Abstract

Objective: The aim of this study is to assess the extent of changes in the care of patients with lysosomal storage disorders (LSDs) during the COVID-19 pandemic and to determine which of these changes have been maintained in the post-COVID-19 era.

Patients and Methods: Data were analyzed from a single large Reference Center for Lysosomal Storage Diseases (the Regional Coordinating Center for Rare Diseases in Udine, Italy). Changes in patient care were assessed by comparing the pre-pandemic period (December 2019) with the post-pandemic period (December 2023), focusing on the proportion of patients who transitioned to home therapy and the use of telemedicine consultations.
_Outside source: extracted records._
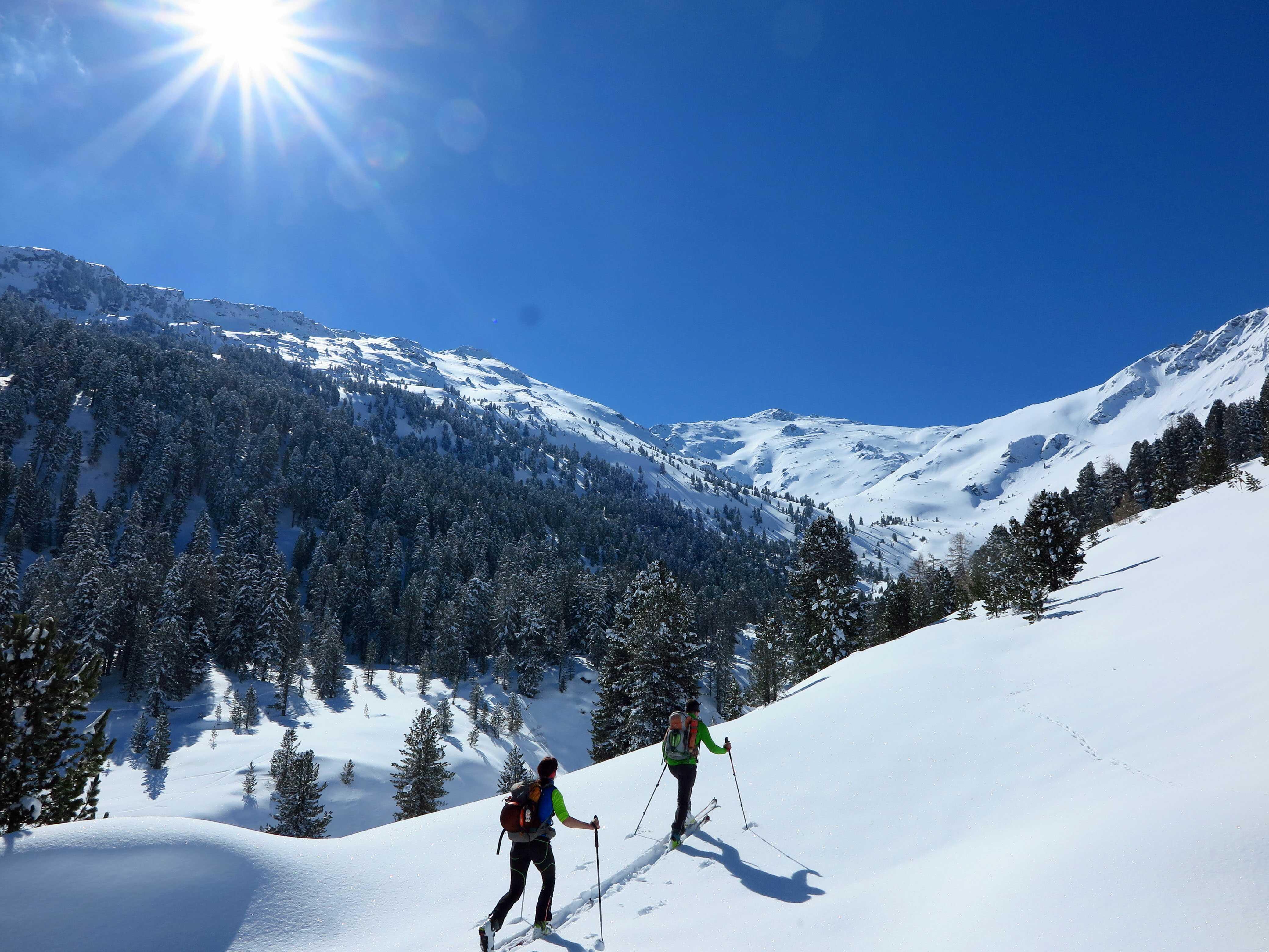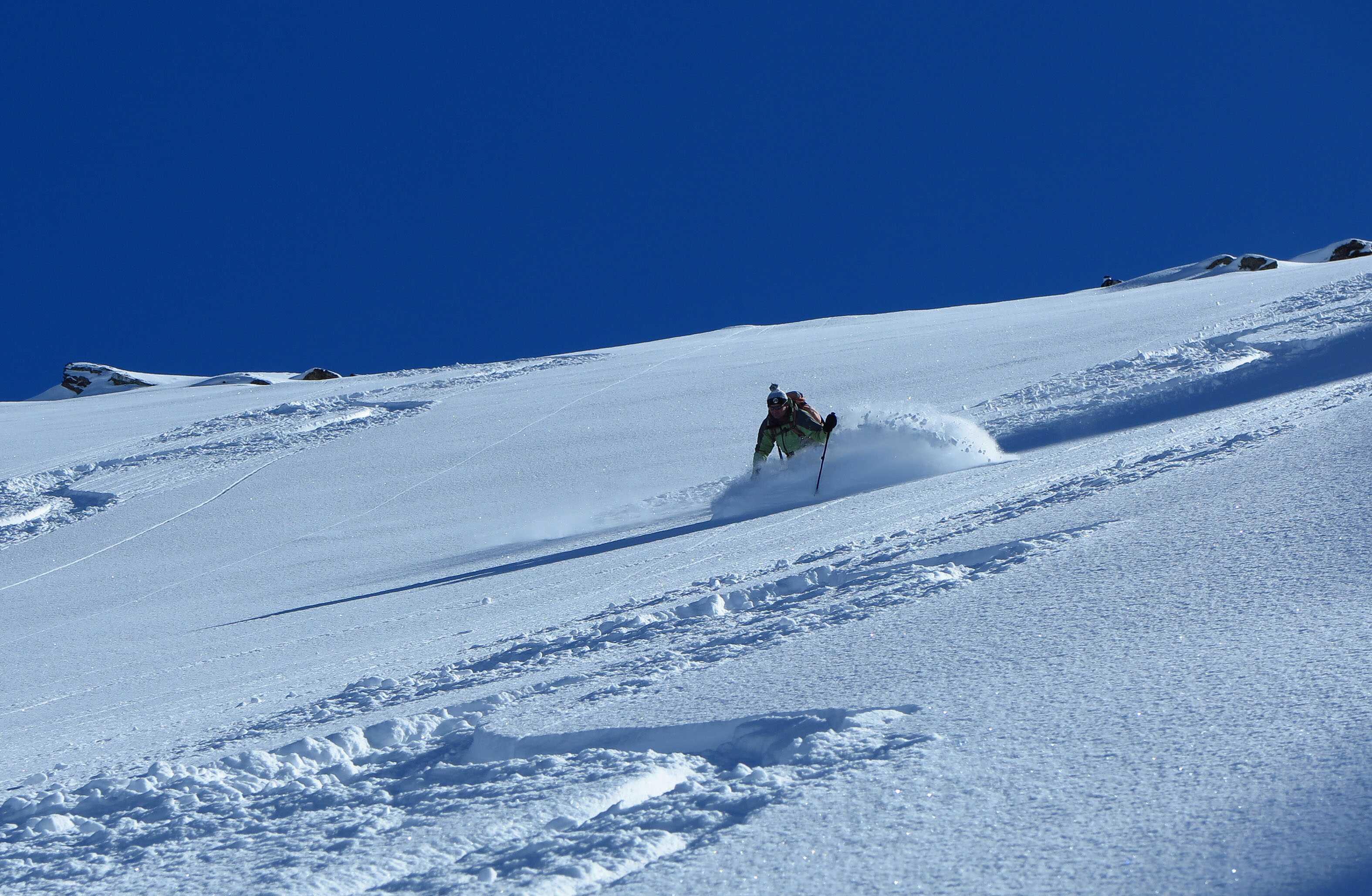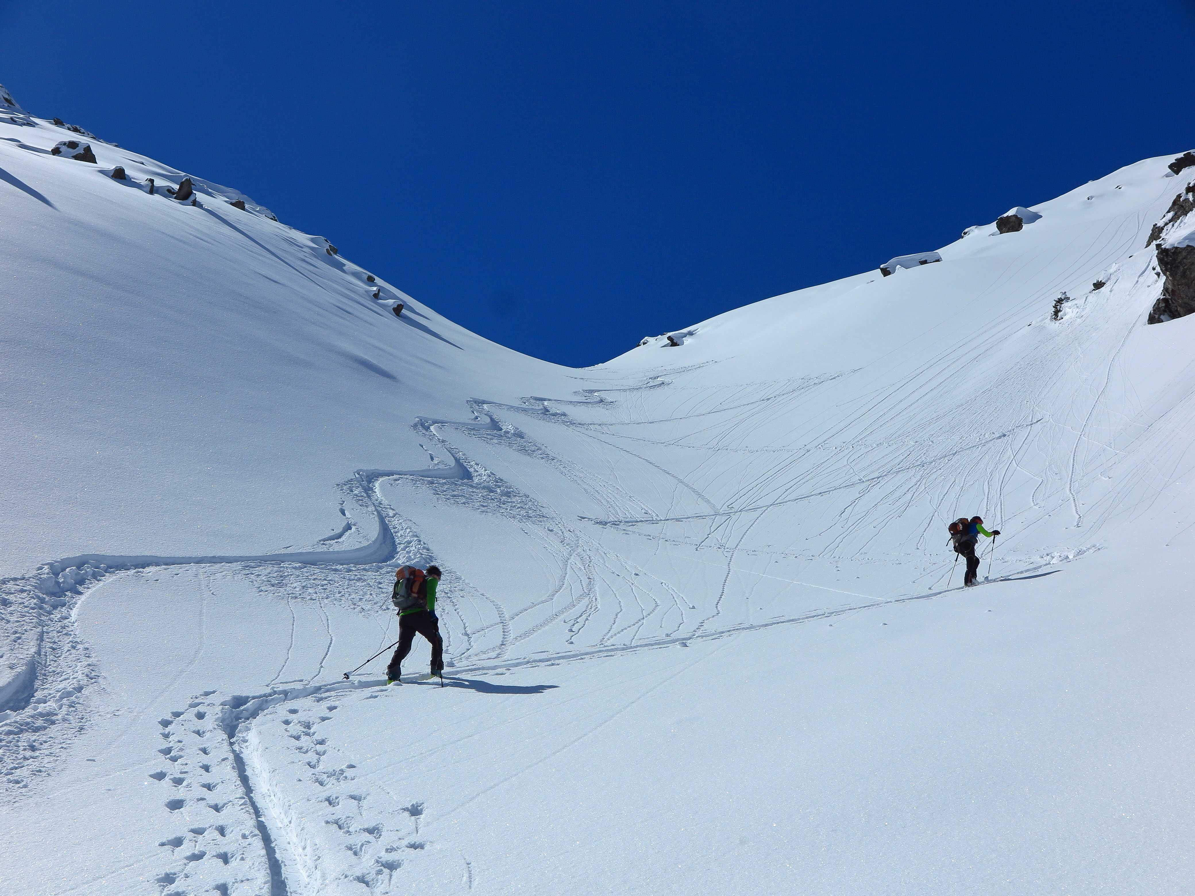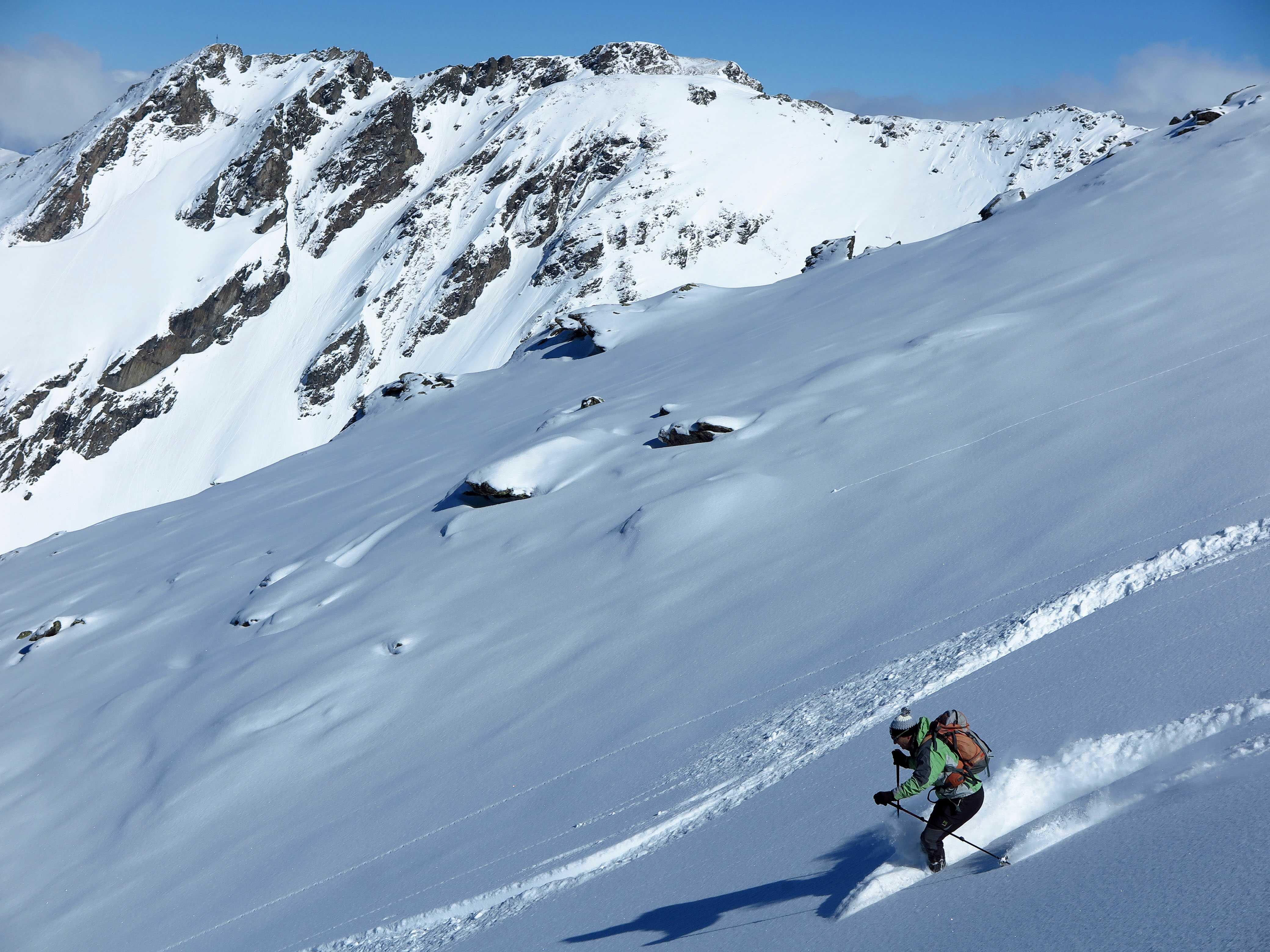 Von Kolsassberg/Fanghaus (1040) über die Studlalm (1600) und durchs Hirzerkar zum Hirzer (2725). Eine relativ lange, aber lohnende Pulvertour.
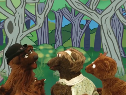 SCENE cont'd | When the Wizard leaves, Papa Bear comments that things are "going to be rough." Suddenly, he turns into a dog. In her comments, Mama Bear says "neigh" (as in no), and turns into a horse. Baby Bear realizes that whenever they make something that sounds like an animal sound, they turn into that animal. To experiment, they all go "oink, oink, oink" and turn into pigs. The Big Bad Wolf happens to be coming along at the time, and tries to capture the three pigs. They quickly growl to turn back into bears, leaving the Wolf to mope away in disappointment. Returning to the Street scene, Baby Bear comments "...and that, my friends, is why you never see me doing animal impressions."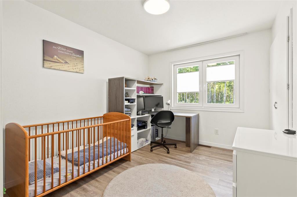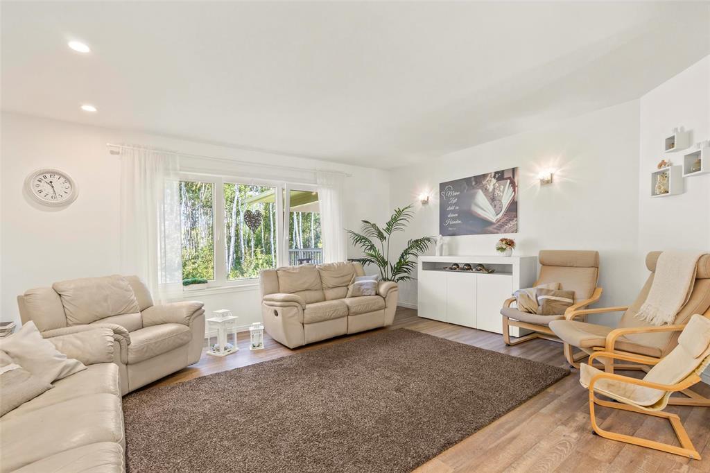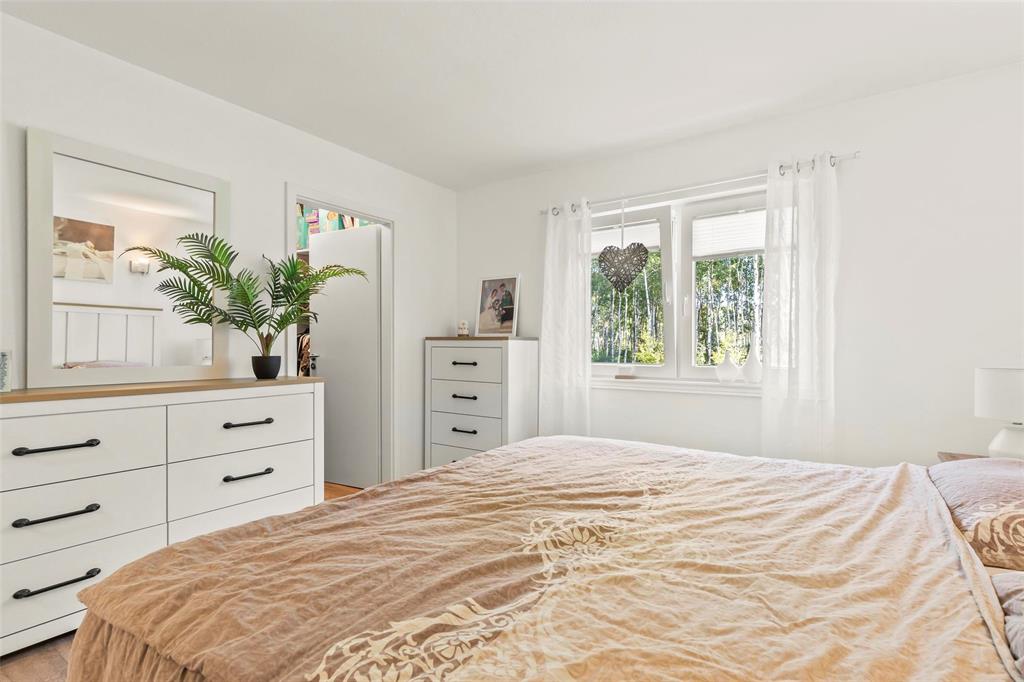 Nestled on 3.87 acres of mature trees on quiet bay! This private country retreat offers 1706 square feet on the main floor plus a fully finished basement. With a total of 8 bedrooms and 3 bathrooms. Perfectly suited for large families or multi-generational living. The main level features laminate flooring throughout, kitchen with eating bar & walk-in pantry, a dining area big enough for the whole family overlooking 14x14 covered composite deck. Primary bedroom with walk-in closet, two additional bedrooms and 4 piece bathroom, and a spacious mudroom and laundry room with a convenient 3 piece bathroom off the garage. Downstairs WITH INFLOOR HEAT enjoy a cozy family room with wood-burning fireplace, 5 piece bathroom & 5 bedrooms including one with a walk-in closet. Additional living space 12 x 26 in third stall of garage adds its own heat/cooling, kitchen, dining area, bedroom, and 3 piece bathroom perfect for elderly parent. Outdoor living shines with a covered composite deck, above-ground pool, surrounded by towering trees, large garden with storage shed, and insulated 26x28 double garage with oversized garage doors. Efficient exterior walls with added foam insulation on exterior and acrylic stucco.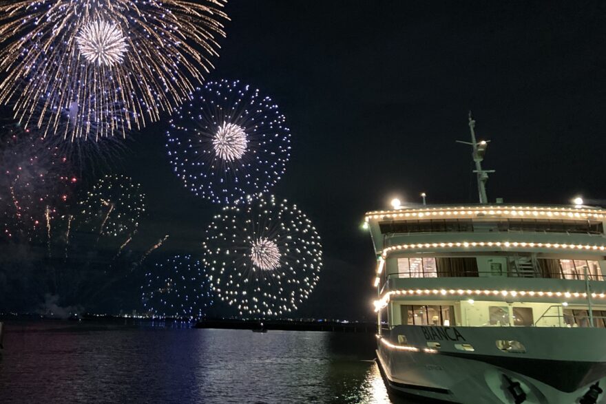 物語のフィナーレは琵琶湖の夜空を彩る打ち上げ花火!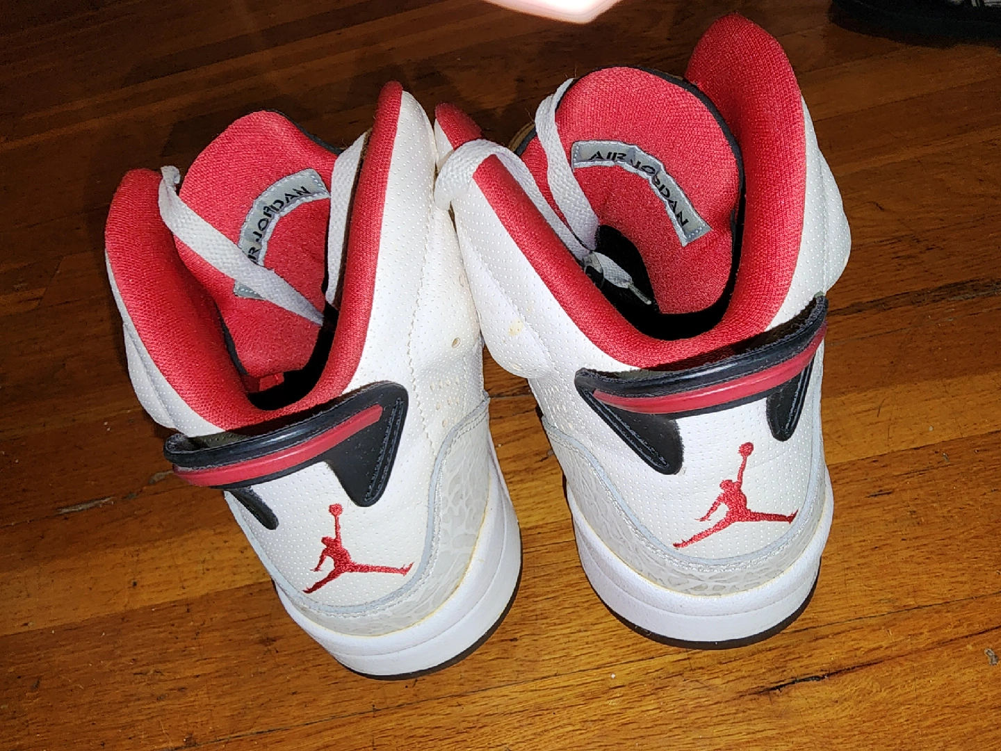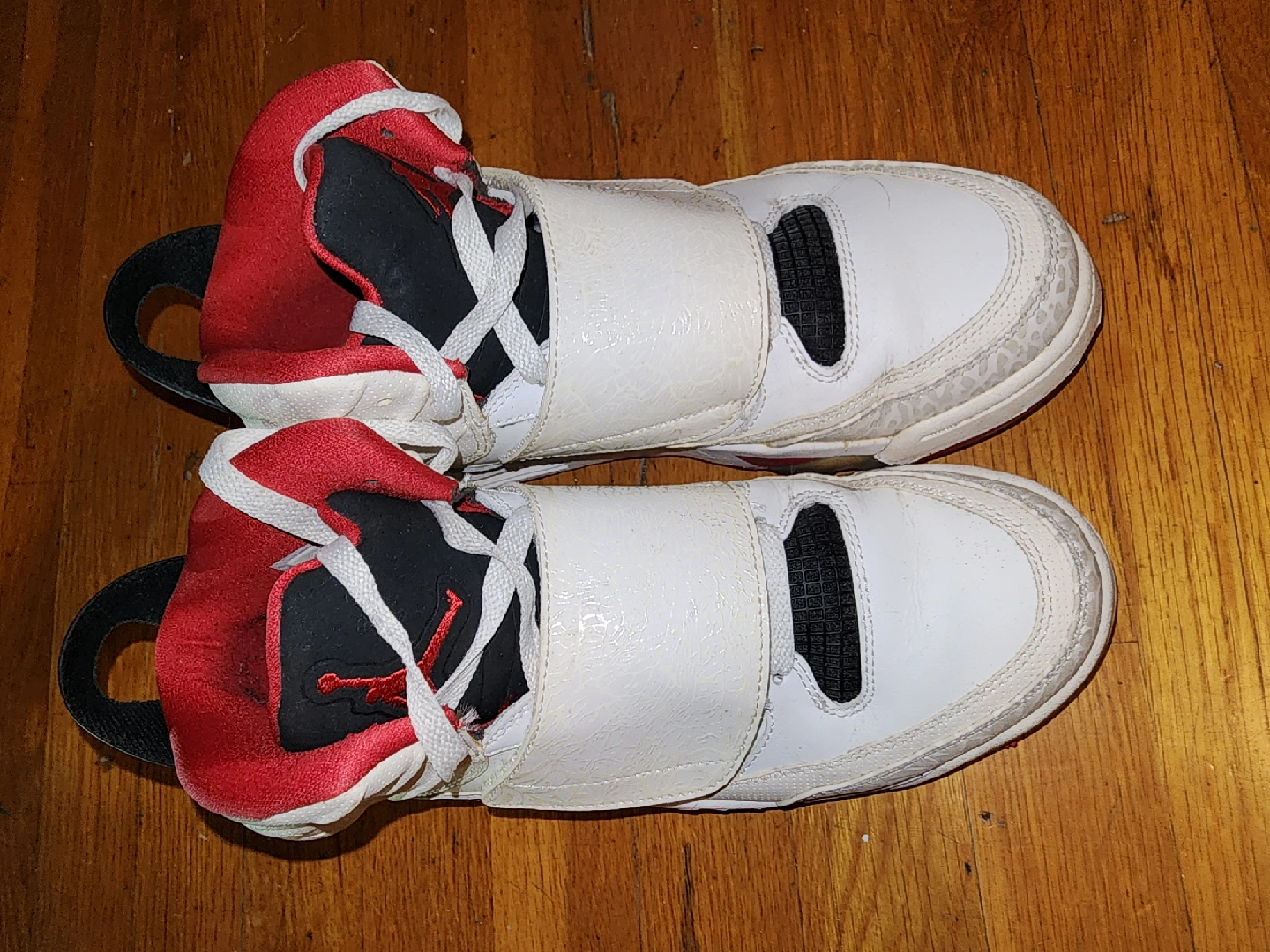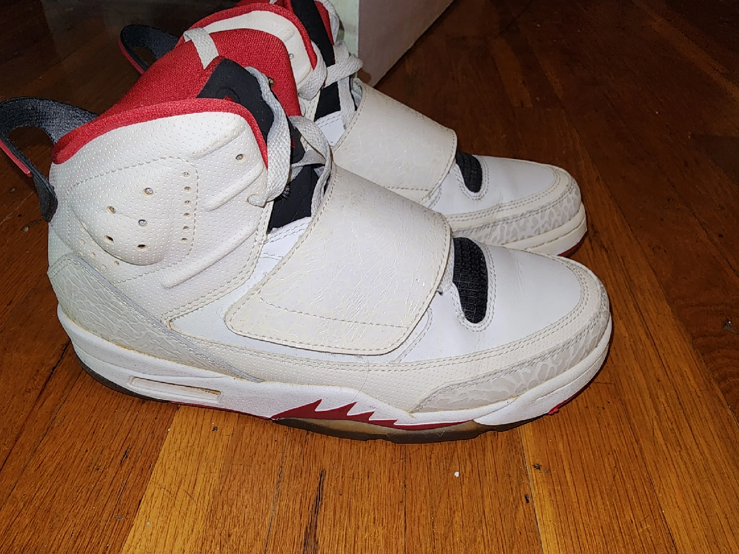15Selling a pair of Air Jordan Son of Mars sneakers. They're white, red, and black. They have a strap across the laces and the Jumpman logo on the back

Results: A total of 102 patients with LSDs followed at the Regional Coordinating Center for Rare Diseases were included in the analysis. Before the pandemic, 71 patients were receiving enzyme replacement therapy (ERT), with 55 treated in the hospital and 16 at home. During the pandemic, an additional 15 patients transitioned to home-based ERT, and only 2 later resumed hospital-based infusions. No adverse events were reported in the home setting. Telemedicine services were utilized by 53 out of 102 patients during the pandemic and by 47 out of 102 patients in the post-pandemic period.

Conclusions: The COVID-19 pandemic led to changes in the management of patients with LSDs, including an increase in home therapy and the implementation of telemedicine services. These changes have persisted in the post-COVID-19 era.